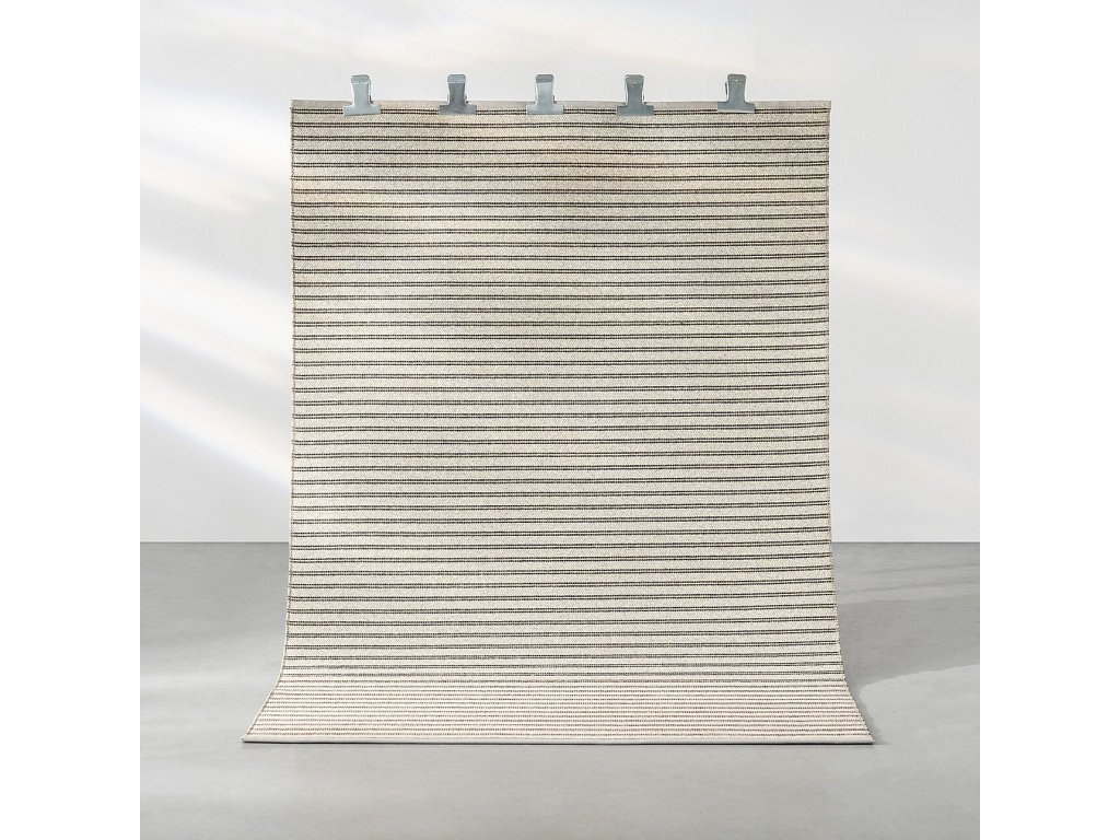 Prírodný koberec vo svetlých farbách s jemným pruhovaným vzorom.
==
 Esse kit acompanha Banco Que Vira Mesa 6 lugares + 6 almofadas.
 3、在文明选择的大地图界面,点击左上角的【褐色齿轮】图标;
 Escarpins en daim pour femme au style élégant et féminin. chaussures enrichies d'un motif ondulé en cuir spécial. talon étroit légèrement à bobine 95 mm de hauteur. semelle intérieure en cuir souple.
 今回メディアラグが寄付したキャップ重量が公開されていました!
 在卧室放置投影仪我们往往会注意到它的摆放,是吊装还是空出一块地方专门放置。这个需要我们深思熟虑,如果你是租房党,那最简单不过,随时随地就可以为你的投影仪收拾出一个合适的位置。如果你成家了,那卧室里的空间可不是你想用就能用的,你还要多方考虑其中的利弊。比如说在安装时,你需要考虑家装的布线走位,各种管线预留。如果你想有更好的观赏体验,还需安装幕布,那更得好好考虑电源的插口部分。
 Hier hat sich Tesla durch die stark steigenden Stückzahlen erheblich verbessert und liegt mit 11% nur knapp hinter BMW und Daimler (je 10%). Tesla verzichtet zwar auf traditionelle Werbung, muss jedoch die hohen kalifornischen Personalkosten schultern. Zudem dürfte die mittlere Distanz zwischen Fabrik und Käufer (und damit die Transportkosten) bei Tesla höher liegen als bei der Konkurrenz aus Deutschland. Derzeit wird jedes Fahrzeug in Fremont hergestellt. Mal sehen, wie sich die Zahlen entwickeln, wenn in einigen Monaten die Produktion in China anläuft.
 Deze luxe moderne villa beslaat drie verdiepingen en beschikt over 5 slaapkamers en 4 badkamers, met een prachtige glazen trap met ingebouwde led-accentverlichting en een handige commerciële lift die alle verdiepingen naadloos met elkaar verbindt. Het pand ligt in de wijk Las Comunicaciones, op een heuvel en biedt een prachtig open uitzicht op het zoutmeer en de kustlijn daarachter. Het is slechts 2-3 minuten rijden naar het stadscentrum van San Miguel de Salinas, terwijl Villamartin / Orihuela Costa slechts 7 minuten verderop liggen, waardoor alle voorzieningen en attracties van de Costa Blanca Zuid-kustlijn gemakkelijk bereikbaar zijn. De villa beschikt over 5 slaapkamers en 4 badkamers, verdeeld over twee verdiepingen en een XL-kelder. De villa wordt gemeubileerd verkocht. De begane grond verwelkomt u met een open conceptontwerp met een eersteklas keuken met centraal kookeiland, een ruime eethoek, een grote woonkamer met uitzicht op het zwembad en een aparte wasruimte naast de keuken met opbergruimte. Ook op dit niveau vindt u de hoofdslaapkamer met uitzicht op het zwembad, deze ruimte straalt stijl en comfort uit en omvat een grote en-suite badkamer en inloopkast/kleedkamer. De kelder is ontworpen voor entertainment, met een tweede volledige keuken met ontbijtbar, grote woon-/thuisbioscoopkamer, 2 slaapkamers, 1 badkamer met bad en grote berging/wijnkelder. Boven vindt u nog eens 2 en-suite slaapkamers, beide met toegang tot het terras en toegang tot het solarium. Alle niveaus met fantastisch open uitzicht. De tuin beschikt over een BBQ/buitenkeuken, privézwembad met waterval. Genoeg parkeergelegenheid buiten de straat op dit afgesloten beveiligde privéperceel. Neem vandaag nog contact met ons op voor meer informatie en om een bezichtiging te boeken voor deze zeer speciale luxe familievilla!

**Your goal**:
Your answer should be the lines above from the one containing "Esse kit acompanha" through the one containing "Escarpins en daim", copied exactly and with both ends kept.

**Your response**:
 Esse kit acompanha Banco Que Vira Mesa 6 lugares + 6 almofadas.
 3、在文明选择的大地图界面,点击左上角的【褐色齿轮】图标;
 Escarpins en daim pour femme au style élégant et féminin. chaussures enrichies d'un motif ondulé en cuir spécial. talon étroit légèrement à bobine 95 mm de hauteur. semelle intérieure en cuir souple.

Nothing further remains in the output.